This is an extension to Partial differential equations by Lawrence C. Evans, page 291, Q15.
Fix $\alpha > 0$, $U$ is a bounded open connected set with smooth boundary. Show that there exists some constant $C$ such that $\forall u \in W^{1, p}(U)$ with trace $Tu = 0$ on a relatively open $\Gamma\subset\partial U$ with $\mathcal{H}^{n-1}(\Gamma)\ge \alpha$, $$\|u\|_{L^p(U)} \le C \|\nabla u\|_{L^p(U)}$$ [$\mathcal {H}^{n-1}$ is the $(n-1)$-dimensional measure on $\partial U$.]
The original question solution uses Poincare inequality, and I think this extension also uses Poincare inequality. Basically, the value of the integral of $u$ is bounded by its average value plus its oscillation, and the oscillation is bounded by its derivative through Poincare inequality. Then it remains to bound the average value of $u$ by its derivative.
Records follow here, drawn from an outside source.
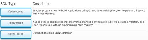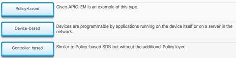 | SDN Types 3. Policy-based SDN - This type of SDN is similar to controller-based SDN where a centralized controller has a view of all devices in the network Policy-based SDN includes an additional Policy layer that operates at a higher level of abstraction. It uses built-in applications that automate advanced configuration tasks via a guided workflow and user-friendly GUI with no programming skills required. Cisco ** The Cisco Application Policy Infrastructure Controller - Enterprise Module (APIC-EM) extends ACI aimed at enterprise and campus deployments and is an example of this type of SDN. | |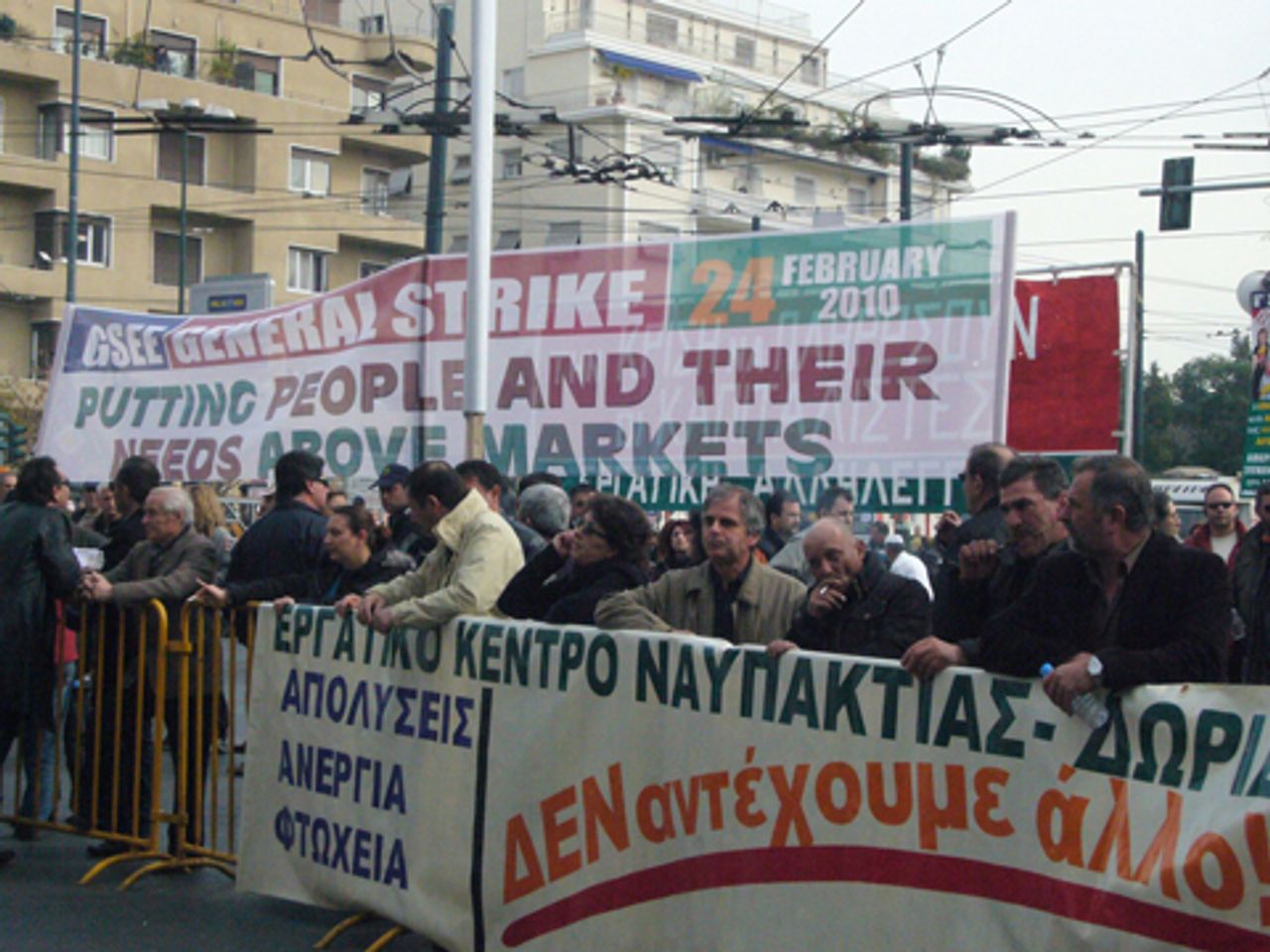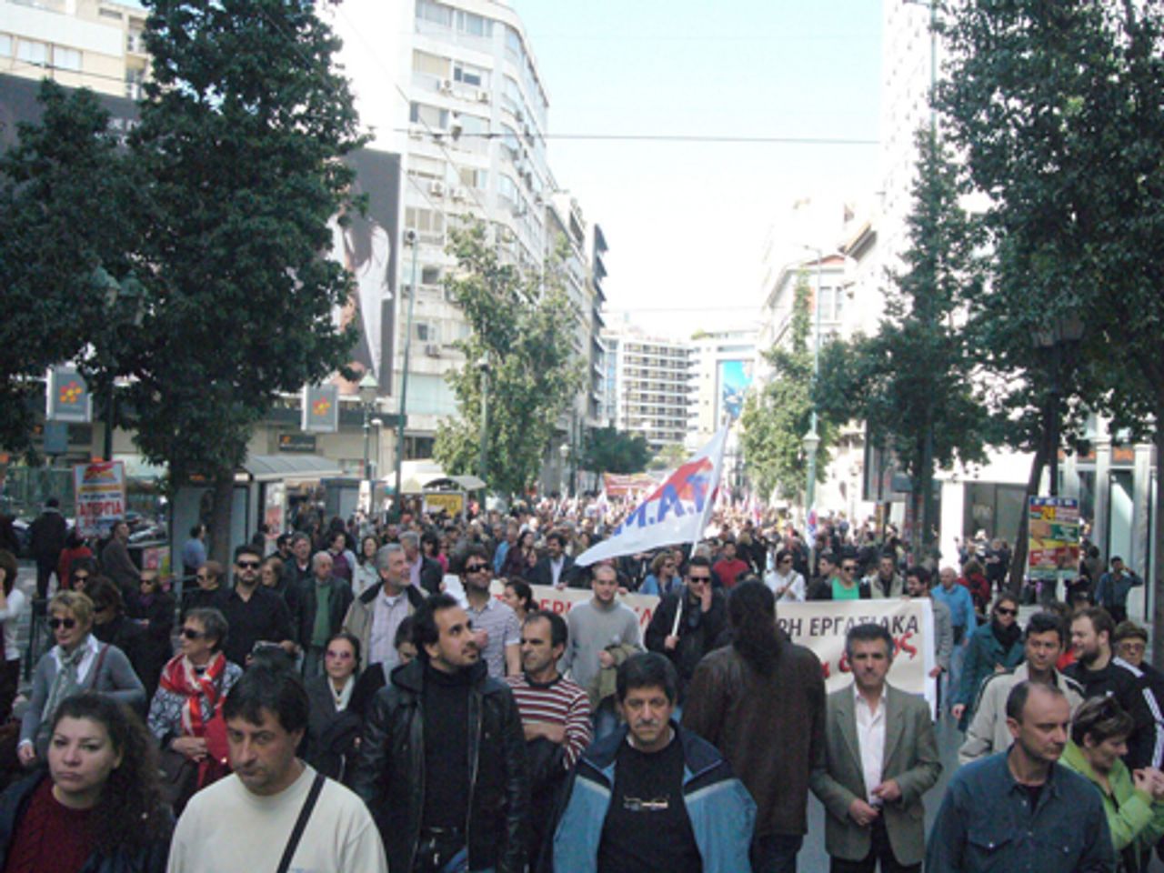 Yesterday’s action was the first general strike since the landslide election of the PASOK government. It was called by the two main trade union federations, covering the private and public sectors respectively—the General Confederation of Greek Workers (GSEE) and the Civil Servants’ Confederation (ADEDY). Together, the two federations represent about half of the five million-strong Greek work force.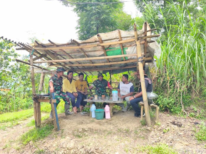 Kebumen – Komandan Kodim 0709/Kebumen, Letkol Inf Eko Majlistyawan P, tampak duduk bersama warga di sebuah gubuk sederhana di lokasi kegiatan TMMD Reguler Ke-127 Kodim 0709/Kebumen.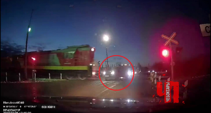 В Чебоксарах пассажирский поезд снес на переезде иномарку: момент ДТП попал на камеру
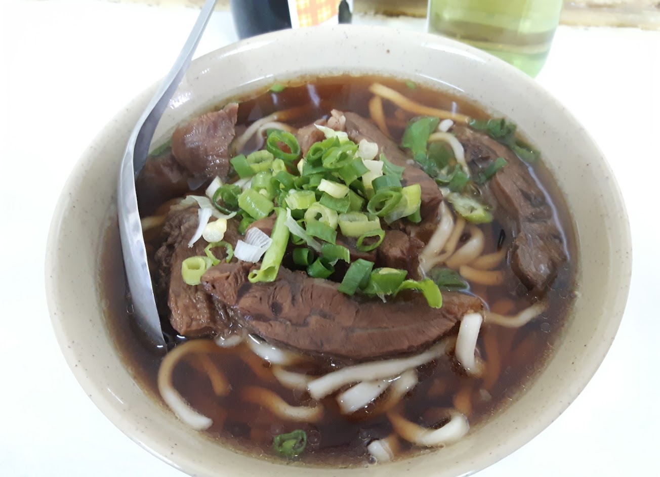 紅燒的湯頭、爽口的滋味及不吝嗇的牛肉塊,在上面撒了些青蔥,增添了色香味的感官。 …

Since $u$ is anchored at $0$ on $\Gamma$, the average value of $u$ can't deviate too far from zero without causing a big derivative. But how to turn this quantitative is hard.
By mimicking the solution to the original question, I have found that, letting $T: W^{1,p}(U) \rightarrow L^p(\partial U)$ be the bounded trace operator.
$$\|Tu\|_{L^p(\partial U)} \le C\|\nabla(Tu)\|_{L^p(\partial U)}$$
This does not help though, since taking the trace gives the wrong direction for the inequality
$$ \|Tu\|_{L^p(\partial U)} \le C\|u\|_{W^{1,p}(U)}$$
when I really need to bound $\|u\|_{W^{1,p}(U)}$ from above.